WHAT IS EXPECTED: Your answer should repeat the entries in full, exactly as given, with no pictures.
****************************************
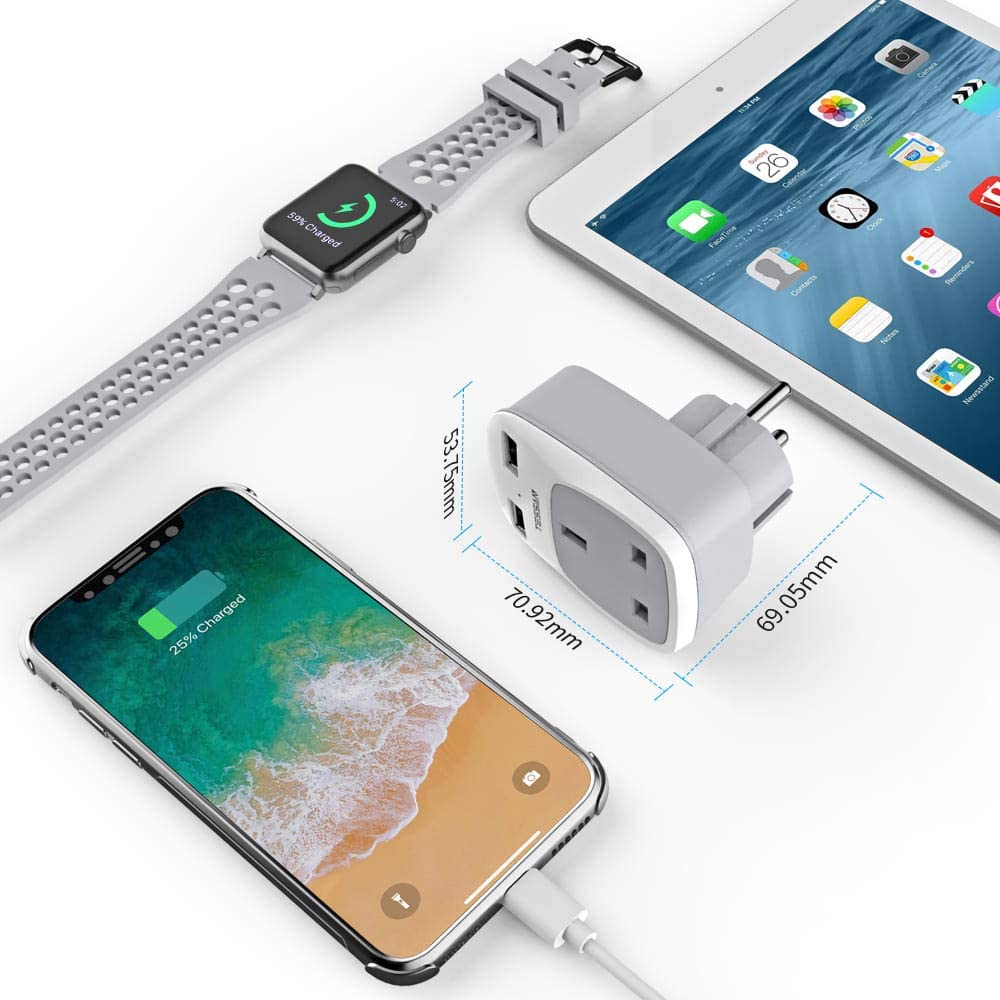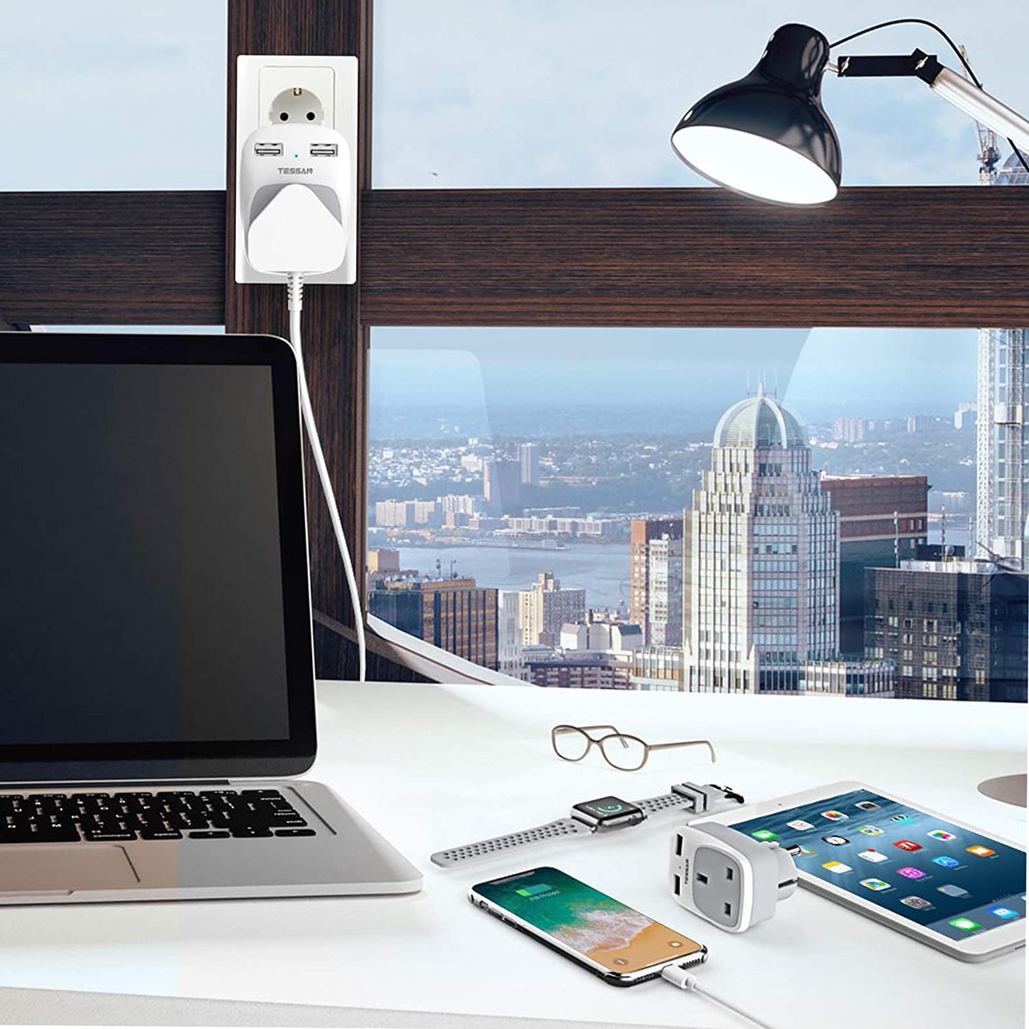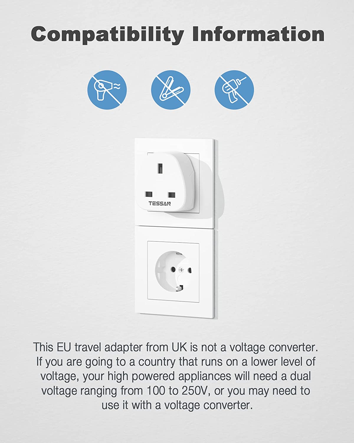 UK to European Plug Adapter: TSEEAN European plug adapter can extend a standard UK type G plug to EU type E/F outlet, idealing for charging electrical products such as mobile phone, tablet, camera etc when you are traveling in Europe
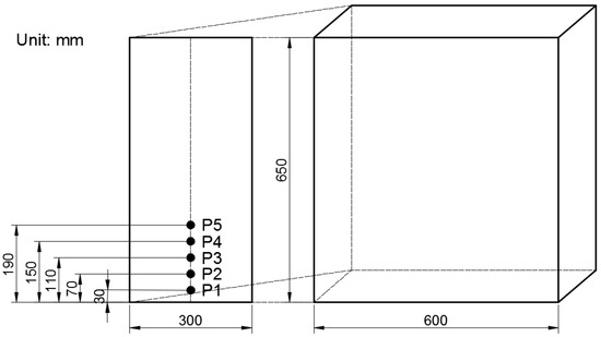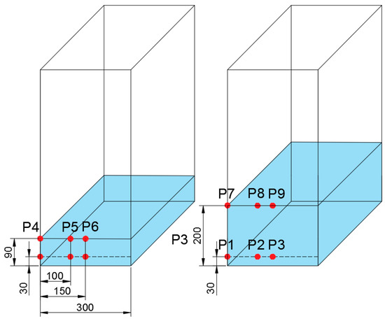 In the experimental study, two filling levels, 13.8% and 30.8%, are considered. For measuring the dynamic impact pressure on the tank wall, five pressure sensors are embedded in the left wall, as shown in Figure 2. Their specific locations are illustrated in Figure 4. A camera was fixed in front of the rectangular tank to record the profile of the free surface.
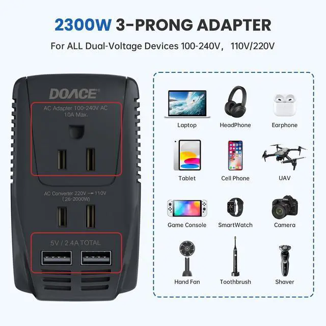 Note: Please note that the 2-prong AC converter socket can compatible with electric products are simple mechanical motors, but cannot work for too low wattage electronic devices(0-5W) such as electric shaver, electric toothbrush etc; The 3-prong adapter socket could not converter voltage, Do not insert 100V-125V devices into the adapter socket.
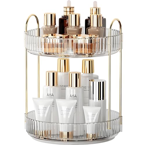 Make Up Kosmtik Organizer, 360° Drehbar Schminktisch Organizer, Multifunktion Schmink Aufbewahrungssystem Skincare für Dresser Schlafzimmer Badezimmer, 2 Schichten, Transparent
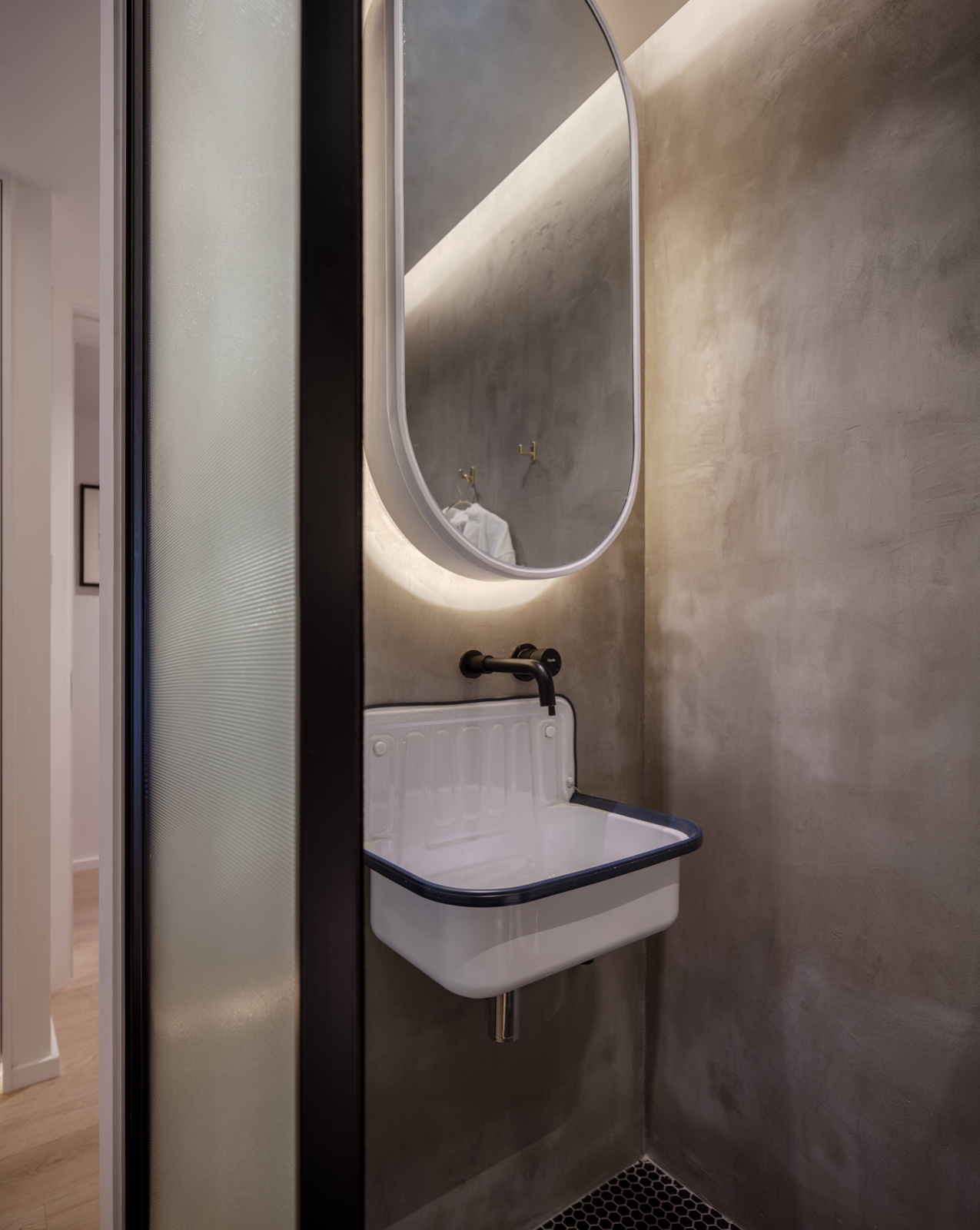 衛(wèi)生間臺盆柜是現(xiàn)場水泥現(xiàn)澆制作,在比較小的空間里現(xiàn)場制作利用率會更高;墻面小磚和縫隙線條讓原本緊促的空間顯出盈余的延伸感。
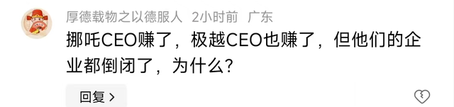 广东网友说:挪吒CEO赚了,极越CEO也赚了,但他们的企业齐倒闭了,为什么?
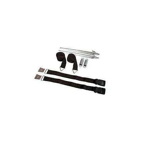 Composé d’une sangle noire réglables de 11m, 2 piquets et 1 ressorts de tension
****************************************
YOUR RESPONSE:
 UK to European Plug Adapter: TSEEAN European plug adapter can extend a standard UK type G plug to EU type E/F outlet, idealing for charging electrical products such as mobile phone, tablet, camera etc when you are traveling in Europe
 In the experimental study, two filling levels, 13.8% and 30.8%, are considered. For measuring the dynamic impact pressure on the tank wall, five pressure sensors are embedded in the left wall, as shown in Figure 2. Their specific locations are illustrated in Figure 4. A camera was fixed in front of the rectangular tank to record the profile of the free surface.
 Note: Please note that the 2-prong AC converter socket can compatible with electric products are simple mechanical motors, but cannot work for too low wattage electronic devices(0-5W) such as electric shaver, electric toothbrush etc; The 3-prong adapter socket could not converter voltage, Do not insert 100V-125V devices into the adapter socket.
 Make Up Kosmtik Organizer, 360° Drehbar Schminktisch Organizer, Multifunktion Schmink Aufbewahrungssystem Skincare für Dresser Schlafzimmer Badezimmer, 2 Schichten, Transparent
 衛(wèi)生間臺盆柜是現(xiàn)場水泥現(xiàn)澆制作,在比較小的空間里現(xiàn)場制作利用率會更高;墻面小磚和縫隙線條讓原本緊促的空間顯出盈余的延伸感。
 广东网友说:挪吒CEO赚了,极越CEO也赚了,但他们的企业齐倒闭了,为什么?
 Composé d’une sangle noire réglables de 11m, 2 piquets et 1 ressorts de tension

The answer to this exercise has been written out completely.